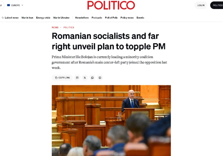 La o săptămână după ce social-democraţii din România (PSD) au iniţiat demersuri pentru demiterea prim-ministrului Ilie Bolojan, cele mai populare două partide din ţară pregătesc o moţiune de cenzură, scrie POLITICO. Liderii PSD - fost membru al coaliţiei de guvernare - şi ai Alianţei pentru Uniunea Românilor (AUR), partidul de extremă dreapta din opoziţie, care conduce în sondaje, au declarat luni, în cadrul unei conferinţe de presă comune, că vor depune împreună o moţiune de cenzură.
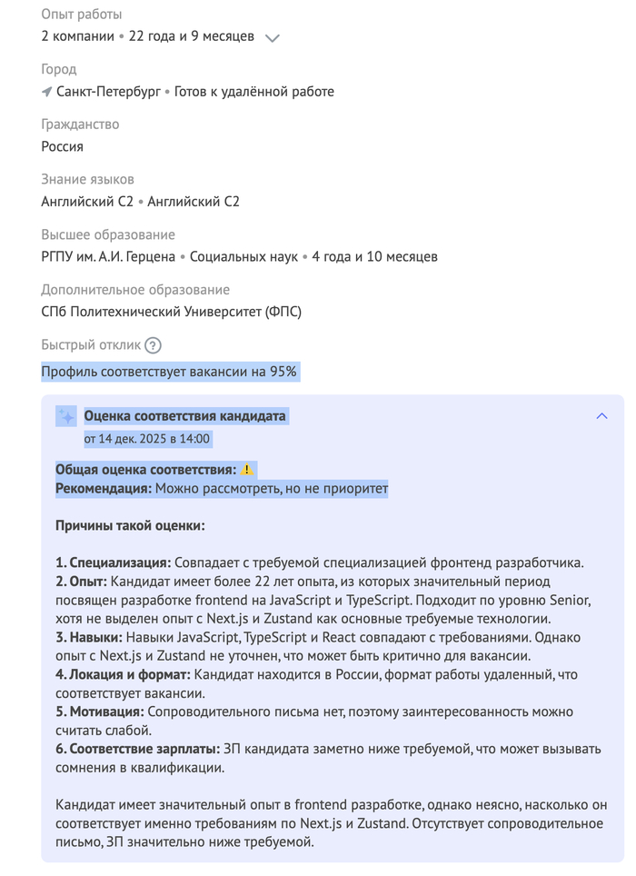 Подходит на 95%, но из-за того, что нет письма и просит ЗП ниже — не рекомендуем. Не приоритет. Есть 800 других, попробуй там.
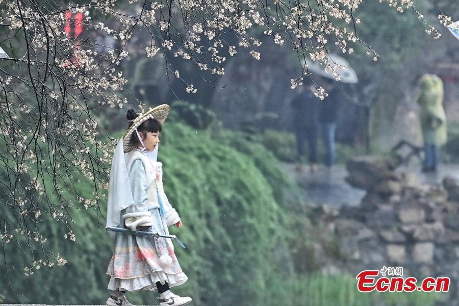 A girl in Hanfu (a traditional Chinese costume) walks under cherry blossoms at the Wangyue park in Changsha, central China's Hunan Province, March 17, 2024. (Photo: China News Service/Yang Huafeng)
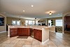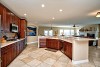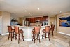 Adjacent to the great room is the chef’s dream kitchen with center island, solid surface counters and stainless appliances.
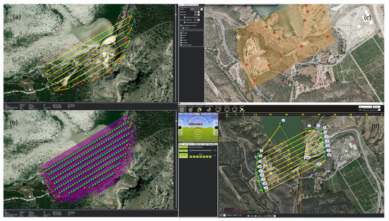Waypoints definition, using Mission Planner software, in the Valdeinfierno reservoir (a) and the Santomera reservoir (d), ground control points in the Santomera reservoir (c) and centers ortofo in the Valdeinfierno reservoir (b).
****************
## WORK REQUIRED
Write out again the lines from the one with "A girl in Hanfu" through the end of the records exactly, without any of the pictures.

## SOLUTION FOR THIS EXERCISE
 A girl in Hanfu (a traditional Chinese costume) walks under cherry blossoms at the Wangyue park in Changsha, central China's Hunan Province, March 17, 2024. (Photo: China News Service/Yang Huafeng)
 Adjacent to the great room is the chef’s dream kitchen with center island, solid surface counters and stainless appliances.
Waypoints definition, using Mission Planner software, in the Valdeinfierno reservoir (a) and the Santomera reservoir (d), ground control points in the Santomera reservoir (c) and centers ortofo in the Valdeinfierno reservoir (b).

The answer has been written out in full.